((

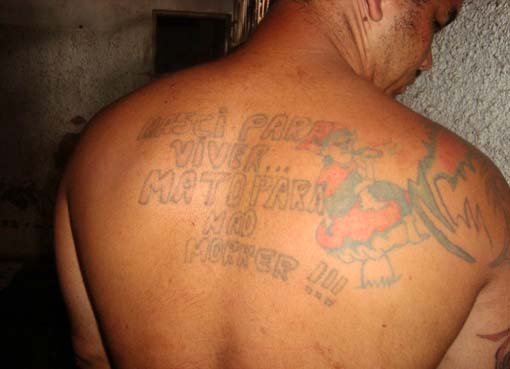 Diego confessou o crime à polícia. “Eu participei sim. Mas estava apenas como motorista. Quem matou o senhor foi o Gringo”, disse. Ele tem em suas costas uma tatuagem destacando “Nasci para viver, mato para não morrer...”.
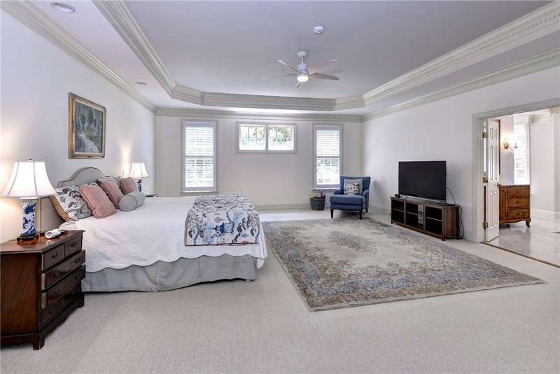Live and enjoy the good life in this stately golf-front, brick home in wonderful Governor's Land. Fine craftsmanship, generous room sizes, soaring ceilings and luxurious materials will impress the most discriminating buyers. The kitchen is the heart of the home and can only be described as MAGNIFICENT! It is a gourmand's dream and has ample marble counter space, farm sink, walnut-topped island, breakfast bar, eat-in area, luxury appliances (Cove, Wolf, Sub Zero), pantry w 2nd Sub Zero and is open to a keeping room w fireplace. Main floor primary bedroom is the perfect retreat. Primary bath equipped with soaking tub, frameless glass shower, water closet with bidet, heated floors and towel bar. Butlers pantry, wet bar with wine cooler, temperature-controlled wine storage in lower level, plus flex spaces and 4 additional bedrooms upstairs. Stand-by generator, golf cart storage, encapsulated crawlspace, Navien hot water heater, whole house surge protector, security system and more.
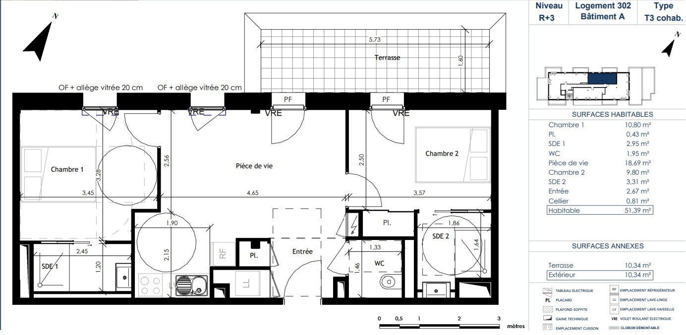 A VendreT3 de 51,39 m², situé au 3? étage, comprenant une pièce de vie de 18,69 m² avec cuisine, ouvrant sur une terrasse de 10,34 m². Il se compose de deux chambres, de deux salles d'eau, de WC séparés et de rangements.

))
((

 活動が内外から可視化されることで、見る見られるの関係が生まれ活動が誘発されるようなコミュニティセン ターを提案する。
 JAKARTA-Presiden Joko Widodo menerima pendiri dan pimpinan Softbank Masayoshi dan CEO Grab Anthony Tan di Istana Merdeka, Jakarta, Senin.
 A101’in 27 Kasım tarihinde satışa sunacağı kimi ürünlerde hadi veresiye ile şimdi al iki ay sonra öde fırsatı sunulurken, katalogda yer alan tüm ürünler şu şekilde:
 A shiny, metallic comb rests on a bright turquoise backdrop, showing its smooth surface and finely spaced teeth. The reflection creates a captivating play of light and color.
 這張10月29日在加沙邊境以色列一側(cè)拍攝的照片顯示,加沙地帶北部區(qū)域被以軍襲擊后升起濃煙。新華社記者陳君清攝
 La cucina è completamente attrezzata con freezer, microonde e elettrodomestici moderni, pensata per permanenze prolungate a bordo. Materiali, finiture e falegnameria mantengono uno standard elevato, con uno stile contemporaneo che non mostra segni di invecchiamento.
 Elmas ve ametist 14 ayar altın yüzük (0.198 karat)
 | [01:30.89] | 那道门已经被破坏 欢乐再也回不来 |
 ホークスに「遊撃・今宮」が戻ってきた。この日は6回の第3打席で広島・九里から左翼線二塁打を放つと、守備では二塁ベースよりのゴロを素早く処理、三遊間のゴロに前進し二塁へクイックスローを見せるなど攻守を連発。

))
((

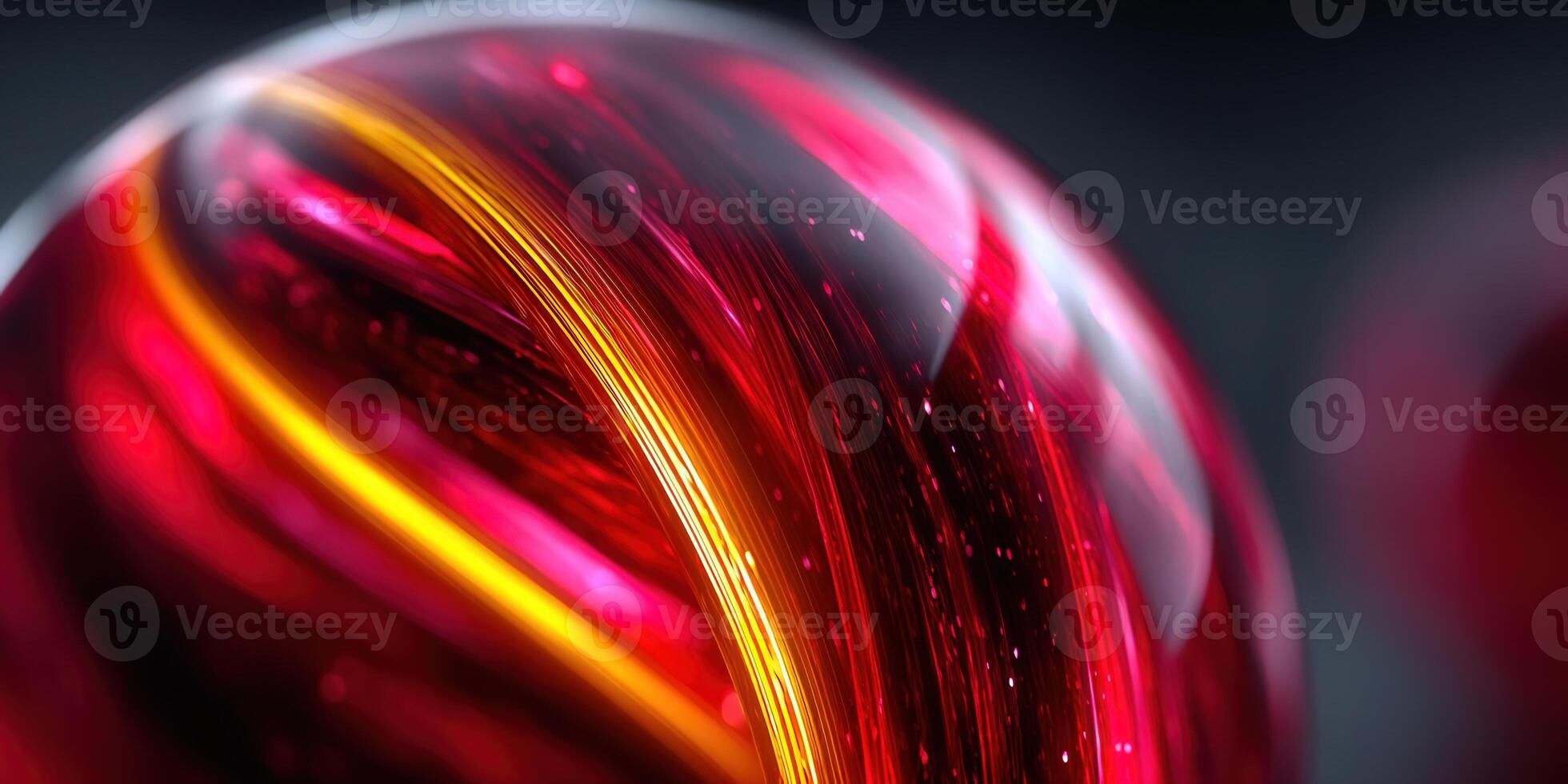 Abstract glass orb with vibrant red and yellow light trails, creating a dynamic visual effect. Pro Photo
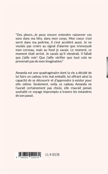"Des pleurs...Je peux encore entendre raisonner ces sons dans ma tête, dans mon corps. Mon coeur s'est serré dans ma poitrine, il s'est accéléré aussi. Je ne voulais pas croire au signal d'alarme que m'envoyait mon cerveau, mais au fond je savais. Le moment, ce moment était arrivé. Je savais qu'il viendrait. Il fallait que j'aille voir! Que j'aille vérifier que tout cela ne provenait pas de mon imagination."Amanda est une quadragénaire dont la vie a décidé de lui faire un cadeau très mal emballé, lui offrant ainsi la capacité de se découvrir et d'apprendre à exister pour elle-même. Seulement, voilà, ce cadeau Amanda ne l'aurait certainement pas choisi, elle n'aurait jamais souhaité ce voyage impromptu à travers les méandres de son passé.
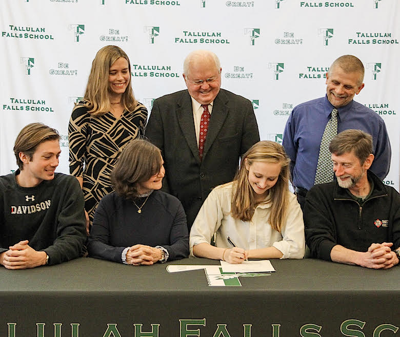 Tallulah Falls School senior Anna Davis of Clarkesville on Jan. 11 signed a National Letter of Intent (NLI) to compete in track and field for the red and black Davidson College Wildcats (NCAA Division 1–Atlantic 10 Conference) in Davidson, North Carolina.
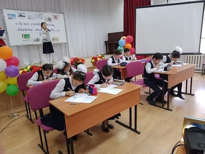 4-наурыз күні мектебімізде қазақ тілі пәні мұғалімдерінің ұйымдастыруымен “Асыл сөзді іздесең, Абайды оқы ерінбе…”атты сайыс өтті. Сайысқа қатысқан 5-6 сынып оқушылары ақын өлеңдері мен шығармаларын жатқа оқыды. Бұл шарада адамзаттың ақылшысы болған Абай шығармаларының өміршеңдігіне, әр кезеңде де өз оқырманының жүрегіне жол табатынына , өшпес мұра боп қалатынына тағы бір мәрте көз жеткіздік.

))

:: About this exercise ::
Using the data above, which lines fall from the one with "de son passé." through the one with "Tallulah Falls School"? Repeat them exactly, ends included, minus any pictures.

:: Task result ::
"Des pleurs...Je peux encore entendre raisonner ces sons dans ma tête, dans mon corps. Mon coeur s'est serré dans ma poitrine, il s'est accéléré aussi. Je ne voulais pas croire au signal d'alarme que m'envoyait mon cerveau, mais au fond je savais. Le moment, ce moment était arrivé. Je savais qu'il viendrait. Il fallait que j'aille voir! Que j'aille vérifier que tout cela ne provenait pas de mon imagination."Amanda est une quadragénaire dont la vie a décidé de lui faire un cadeau très mal emballé, lui offrant ainsi la capacité de se découvrir et d'apprendre à exister pour elle-même. Seulement, voilà, ce cadeau Amanda ne l'aurait certainement pas choisi, elle n'aurait jamais souhaité ce voyage impromptu à travers les méandres de son passé.
 Tallulah Falls School senior Anna Davis of Clarkesville on Jan. 11 signed a National Letter of Intent (NLI) to compete in track and field for the red and black Davidson College Wildcats (NCAA Division 1–Atlantic 10 Conference) in Davidson, North Carolina.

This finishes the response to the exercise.